Considering multi-UG cooperation, intelligent algorithms show their advantages in solving such complex optimization problems (Shih et al., 2017). Zhuang et al. (2019) and Yao and Qi (2019) investigated simultaneous arrivals. However, cooperative sampling with SLR has not been fully discussed. The CSPP-SLR can maximize UGs in autonomous sampling, improve the high-risk deployment and recovery process of UGs, and ensure the consistency of the collected data (Claustre et al., 2014). Therefore, investigating CSPP-SLR is notably important. The above method is no longer applicable, considering the randomness of the current-disturbed UG locations and the uncertainty of the cooperating instructions (Petritoli and Leccese, 2018). Reinforcement learning (e.g., Bae et al., 2019; Ban, 2020) can provide appropriate solutions by modeling CSPP-SLR as a Markovian decision process.
This article presents the multi-actuation deep-Q network with a clipped-oriented LOS (MADQN-COLOS) framework based on the above discussions to solve the CSPP-SLR problem. The potential contributions are listed as follows.
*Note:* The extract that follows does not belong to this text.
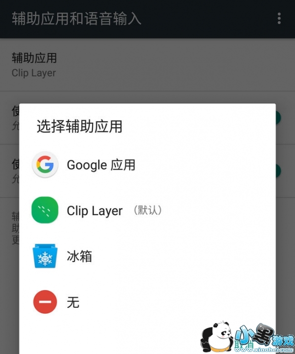 2、安装完成后打开时需要进行一个基础设置,需要将“复制应用和语音输入”中的辅助应用更改为 Clip Layer ,比如小编默认情况下长按是调用的Google 应用的“Now On Tap(屏幕搜索)”;

1) The CSPP-SLR problem is comprehensively described for the first time. This article considers the specific UG kinematic model, current interference, and optimization objectives.
2) The COLOS is proposed to guide the UG to cover sampling paths of interest. The modification to the original LOS maintains computational simplicity while ensuring the loop coverage, which comprises multi-directional edges.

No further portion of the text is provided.